> **STUDY MATERIAL**

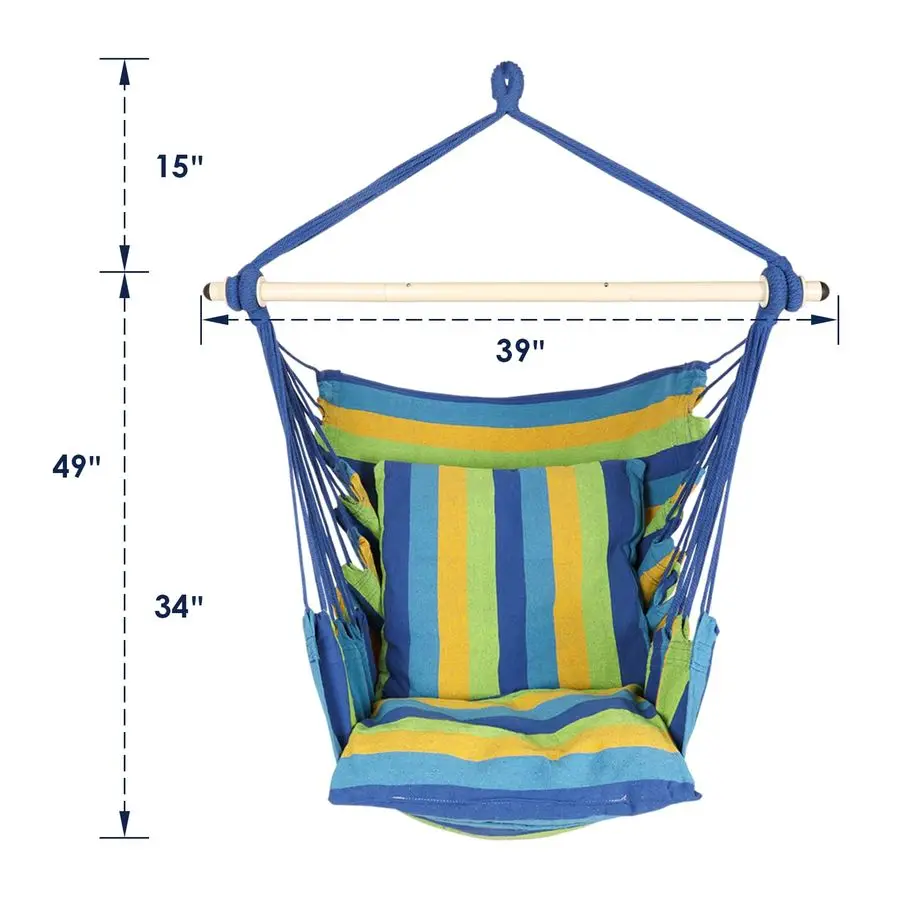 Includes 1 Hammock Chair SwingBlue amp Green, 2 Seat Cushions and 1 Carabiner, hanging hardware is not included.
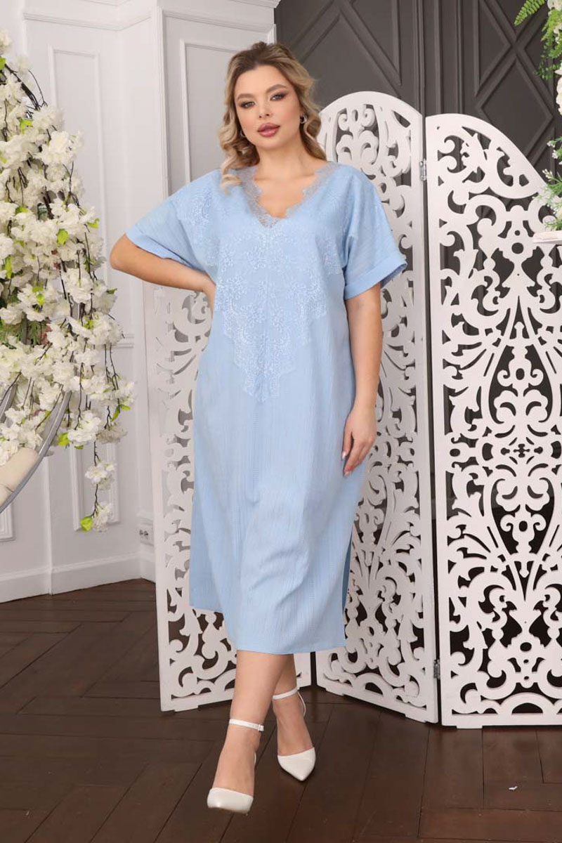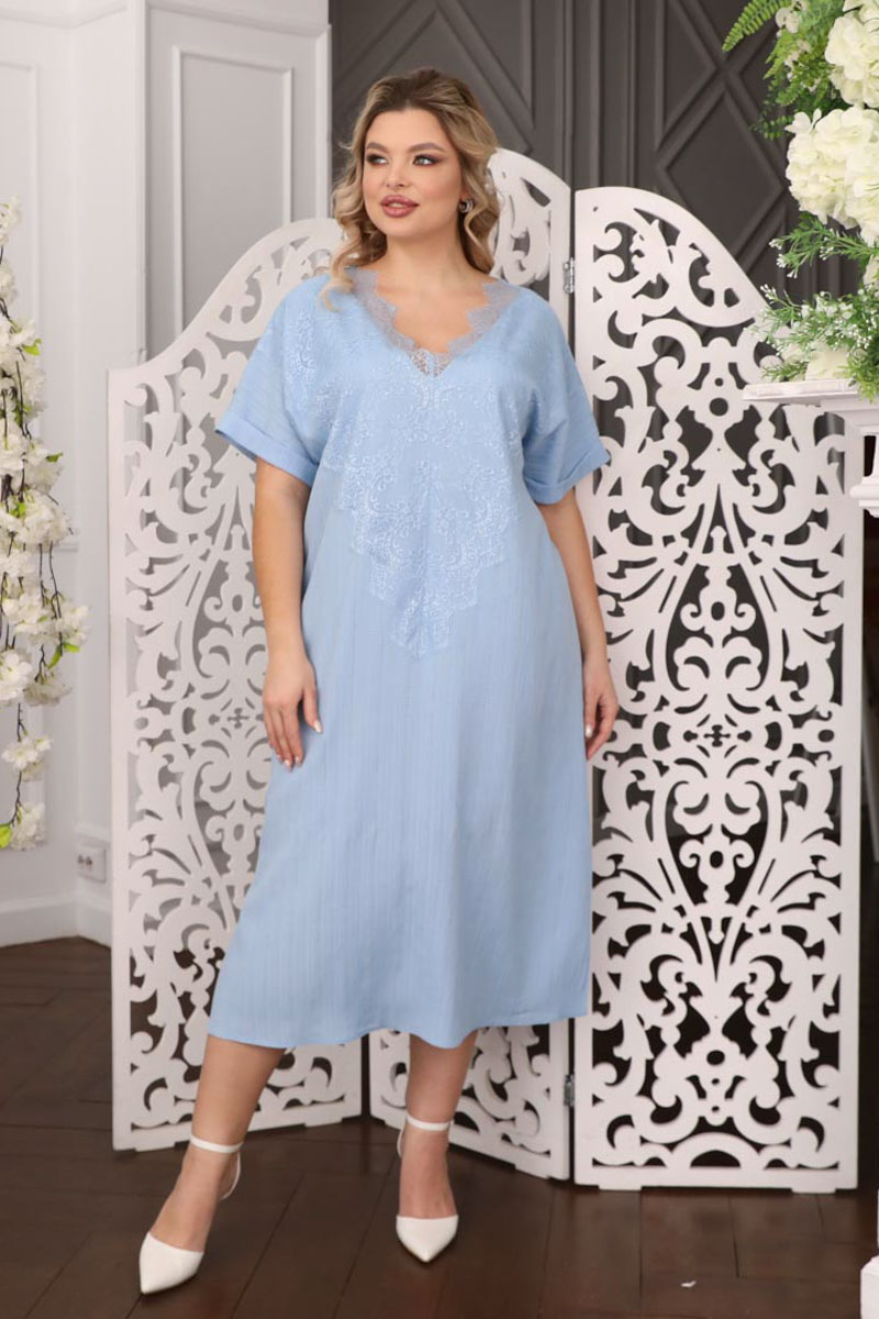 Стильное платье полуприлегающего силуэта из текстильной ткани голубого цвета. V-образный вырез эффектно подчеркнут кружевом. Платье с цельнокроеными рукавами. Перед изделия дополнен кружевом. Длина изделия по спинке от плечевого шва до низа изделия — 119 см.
...
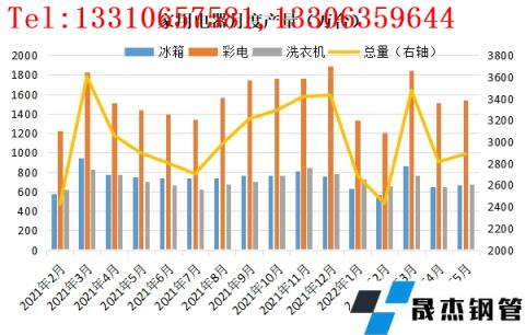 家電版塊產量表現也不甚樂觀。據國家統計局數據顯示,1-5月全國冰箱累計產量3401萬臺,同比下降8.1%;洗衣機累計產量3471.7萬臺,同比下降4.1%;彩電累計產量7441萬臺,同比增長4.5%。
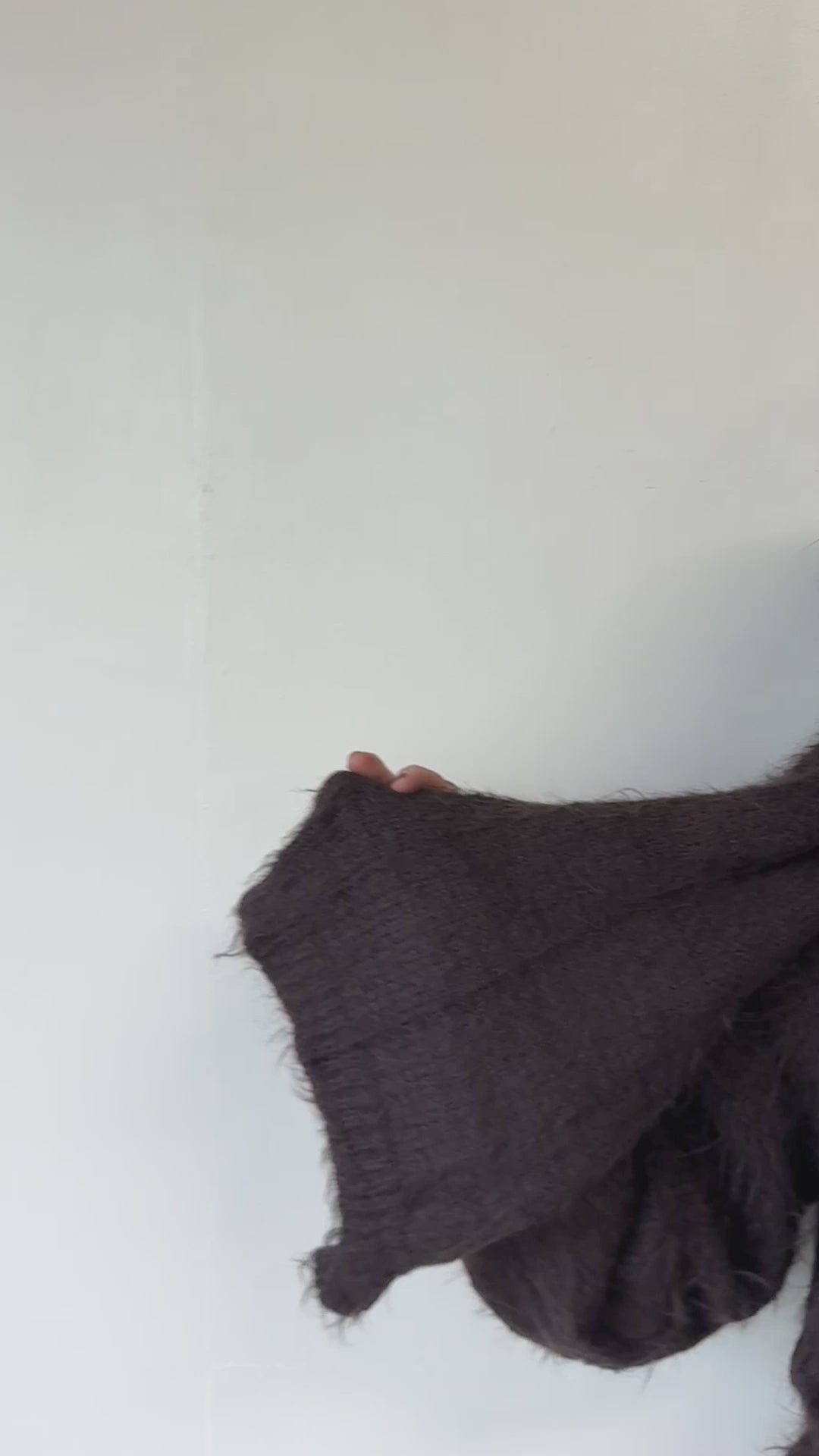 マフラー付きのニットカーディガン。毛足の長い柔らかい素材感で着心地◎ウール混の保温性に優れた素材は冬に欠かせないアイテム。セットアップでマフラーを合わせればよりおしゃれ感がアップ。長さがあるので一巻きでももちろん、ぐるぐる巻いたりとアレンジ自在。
==
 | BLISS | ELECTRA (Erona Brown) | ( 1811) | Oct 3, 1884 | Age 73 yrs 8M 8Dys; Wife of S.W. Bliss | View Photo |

> **EXERCISE PROMPT**
Leave the pictures out, and transcribe exactly the lines above starting at the one that contains "家電版塊產量表現也不甚樂觀。" and ending at the one that contains "マフラー付きのニットカーディ".

> **EXPECTED ANSWER**
 家電版塊產量表現也不甚樂觀。據國家統計局數據顯示,1-5月全國冰箱累計產量3401萬臺,同比下降8.1%;洗衣機累計產量3471.7萬臺,同比下降4.1%;彩電累計產量7441萬臺,同比增長4.5%。
 マフラー付きのニットカーディガン。毛足の長い柔らかい素材感で着心地◎ウール混の保温性に優れた素材は冬に欠かせないアイテム。セットアップでマフラーを合わせればよりおしゃれ感がアップ。長さがあるので一巻きでももちろん、ぐるぐる巻いたりとアレンジ自在。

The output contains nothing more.